* [Your task] The answer must consist only of the lines from the line with "หลอดไฟ T10 W5W" to the line with "다산인권센터 청년인권기자단 모집이 시작되었다. 청년인권기자단은 인권현장을", both included, exactly as they stand below.

Data to examine below:

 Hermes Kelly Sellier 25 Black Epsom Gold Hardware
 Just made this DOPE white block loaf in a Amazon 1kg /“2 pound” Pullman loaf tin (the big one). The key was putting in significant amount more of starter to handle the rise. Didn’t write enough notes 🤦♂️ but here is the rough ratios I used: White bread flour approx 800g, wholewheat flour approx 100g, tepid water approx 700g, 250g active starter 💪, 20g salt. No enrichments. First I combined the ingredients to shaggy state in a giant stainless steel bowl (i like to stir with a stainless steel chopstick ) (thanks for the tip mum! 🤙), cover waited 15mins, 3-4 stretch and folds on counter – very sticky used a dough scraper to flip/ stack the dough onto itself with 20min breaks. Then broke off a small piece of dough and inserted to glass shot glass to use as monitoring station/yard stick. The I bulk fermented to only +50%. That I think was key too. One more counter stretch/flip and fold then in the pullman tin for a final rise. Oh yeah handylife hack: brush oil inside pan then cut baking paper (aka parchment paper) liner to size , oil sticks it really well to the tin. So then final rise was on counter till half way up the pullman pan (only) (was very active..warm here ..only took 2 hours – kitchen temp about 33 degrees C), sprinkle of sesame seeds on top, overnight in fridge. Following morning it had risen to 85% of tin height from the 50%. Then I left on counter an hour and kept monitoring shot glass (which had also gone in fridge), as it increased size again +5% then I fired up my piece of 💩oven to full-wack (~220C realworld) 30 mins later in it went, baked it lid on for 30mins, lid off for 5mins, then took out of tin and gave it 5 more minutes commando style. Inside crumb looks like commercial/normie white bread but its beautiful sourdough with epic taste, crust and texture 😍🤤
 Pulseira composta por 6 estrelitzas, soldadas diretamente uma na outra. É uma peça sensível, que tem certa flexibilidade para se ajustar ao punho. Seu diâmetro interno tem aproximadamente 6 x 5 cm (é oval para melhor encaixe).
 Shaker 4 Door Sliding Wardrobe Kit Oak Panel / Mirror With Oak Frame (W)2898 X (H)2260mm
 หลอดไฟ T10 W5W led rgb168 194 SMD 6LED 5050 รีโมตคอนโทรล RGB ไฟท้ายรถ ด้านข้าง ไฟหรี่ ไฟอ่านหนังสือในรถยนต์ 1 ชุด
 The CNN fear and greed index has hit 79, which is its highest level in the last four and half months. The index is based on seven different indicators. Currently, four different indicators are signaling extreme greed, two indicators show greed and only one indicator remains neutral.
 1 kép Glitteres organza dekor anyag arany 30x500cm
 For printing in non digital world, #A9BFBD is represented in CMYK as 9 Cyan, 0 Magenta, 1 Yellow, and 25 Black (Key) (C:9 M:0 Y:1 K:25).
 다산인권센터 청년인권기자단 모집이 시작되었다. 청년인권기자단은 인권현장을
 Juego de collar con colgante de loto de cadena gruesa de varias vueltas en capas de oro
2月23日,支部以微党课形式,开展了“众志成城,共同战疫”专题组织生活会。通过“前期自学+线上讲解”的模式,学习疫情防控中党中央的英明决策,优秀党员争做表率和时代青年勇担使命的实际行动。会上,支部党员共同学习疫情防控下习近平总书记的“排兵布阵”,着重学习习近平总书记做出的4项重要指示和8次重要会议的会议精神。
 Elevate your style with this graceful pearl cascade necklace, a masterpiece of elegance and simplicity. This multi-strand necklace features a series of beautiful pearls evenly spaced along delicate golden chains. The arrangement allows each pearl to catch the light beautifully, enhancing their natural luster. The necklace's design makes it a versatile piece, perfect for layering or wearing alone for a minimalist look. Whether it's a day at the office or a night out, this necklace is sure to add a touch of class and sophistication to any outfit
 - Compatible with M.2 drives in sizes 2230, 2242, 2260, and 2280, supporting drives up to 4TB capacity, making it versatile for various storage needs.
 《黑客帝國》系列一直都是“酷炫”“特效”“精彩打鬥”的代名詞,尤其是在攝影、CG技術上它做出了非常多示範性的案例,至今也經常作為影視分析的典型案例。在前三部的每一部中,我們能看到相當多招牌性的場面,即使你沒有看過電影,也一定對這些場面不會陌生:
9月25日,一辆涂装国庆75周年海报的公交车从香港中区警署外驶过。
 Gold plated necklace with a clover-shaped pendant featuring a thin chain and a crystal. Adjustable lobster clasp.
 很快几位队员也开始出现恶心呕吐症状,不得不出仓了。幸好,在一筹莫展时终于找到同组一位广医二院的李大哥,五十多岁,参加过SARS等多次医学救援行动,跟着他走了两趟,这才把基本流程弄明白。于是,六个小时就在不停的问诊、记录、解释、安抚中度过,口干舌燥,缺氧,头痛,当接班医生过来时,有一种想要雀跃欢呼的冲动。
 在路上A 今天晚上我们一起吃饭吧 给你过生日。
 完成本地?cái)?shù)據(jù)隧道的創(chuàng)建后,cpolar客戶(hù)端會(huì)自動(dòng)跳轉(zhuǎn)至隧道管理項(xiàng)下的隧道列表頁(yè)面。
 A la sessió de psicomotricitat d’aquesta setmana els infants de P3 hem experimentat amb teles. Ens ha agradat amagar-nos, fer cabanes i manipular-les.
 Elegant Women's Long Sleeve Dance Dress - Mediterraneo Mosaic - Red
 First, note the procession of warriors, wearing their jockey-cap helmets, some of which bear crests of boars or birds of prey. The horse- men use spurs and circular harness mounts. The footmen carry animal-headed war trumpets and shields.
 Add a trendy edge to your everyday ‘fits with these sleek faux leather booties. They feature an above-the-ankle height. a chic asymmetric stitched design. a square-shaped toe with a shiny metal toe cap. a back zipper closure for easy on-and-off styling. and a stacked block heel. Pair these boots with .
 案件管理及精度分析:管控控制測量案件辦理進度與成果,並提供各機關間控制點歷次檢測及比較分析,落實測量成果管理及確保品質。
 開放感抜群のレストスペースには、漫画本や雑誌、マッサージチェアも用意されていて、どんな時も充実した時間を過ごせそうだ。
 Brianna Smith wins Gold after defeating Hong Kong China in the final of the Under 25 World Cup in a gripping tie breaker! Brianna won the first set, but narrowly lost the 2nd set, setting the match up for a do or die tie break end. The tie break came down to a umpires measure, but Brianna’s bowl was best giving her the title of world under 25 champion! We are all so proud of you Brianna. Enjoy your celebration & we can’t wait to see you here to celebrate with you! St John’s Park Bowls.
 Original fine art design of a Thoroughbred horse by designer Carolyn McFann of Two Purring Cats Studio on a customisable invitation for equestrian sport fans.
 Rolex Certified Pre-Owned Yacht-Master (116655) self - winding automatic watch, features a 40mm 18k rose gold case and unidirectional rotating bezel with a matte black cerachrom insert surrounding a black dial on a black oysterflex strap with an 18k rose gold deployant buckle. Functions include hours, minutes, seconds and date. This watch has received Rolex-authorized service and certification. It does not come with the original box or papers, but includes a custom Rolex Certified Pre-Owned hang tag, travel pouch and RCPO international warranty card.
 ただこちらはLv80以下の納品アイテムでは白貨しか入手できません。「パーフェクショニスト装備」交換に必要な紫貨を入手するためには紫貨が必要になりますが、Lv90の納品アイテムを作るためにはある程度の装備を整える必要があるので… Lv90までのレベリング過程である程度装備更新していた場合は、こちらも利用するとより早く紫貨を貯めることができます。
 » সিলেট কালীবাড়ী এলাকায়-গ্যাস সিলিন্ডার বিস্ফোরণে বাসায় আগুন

End of Data to examine.

* [Output]
 หลอดไฟ T10 W5W led rgb168 194 SMD 6LED 5050 รีโมตคอนโทรล RGB ไฟท้ายรถ ด้านข้าง ไฟหรี่ ไฟอ่านหนังสือในรถยนต์ 1 ชุด
 The CNN fear and greed index has hit 79, which is its highest level in the last four and half months. The index is based on seven different indicators. Currently, four different indicators are signaling extreme greed, two indicators show greed and only one indicator remains neutral.
 1 kép Glitteres organza dekor anyag arany 30x500cm
 For printing in non digital world, #A9BFBD is represented in CMYK as 9 Cyan, 0 Magenta, 1 Yellow, and 25 Black (Key) (C:9 M:0 Y:1 K:25).
 다산인권센터 청년인권기자단 모집이 시작되었다. 청년인권기자단은 인권현장을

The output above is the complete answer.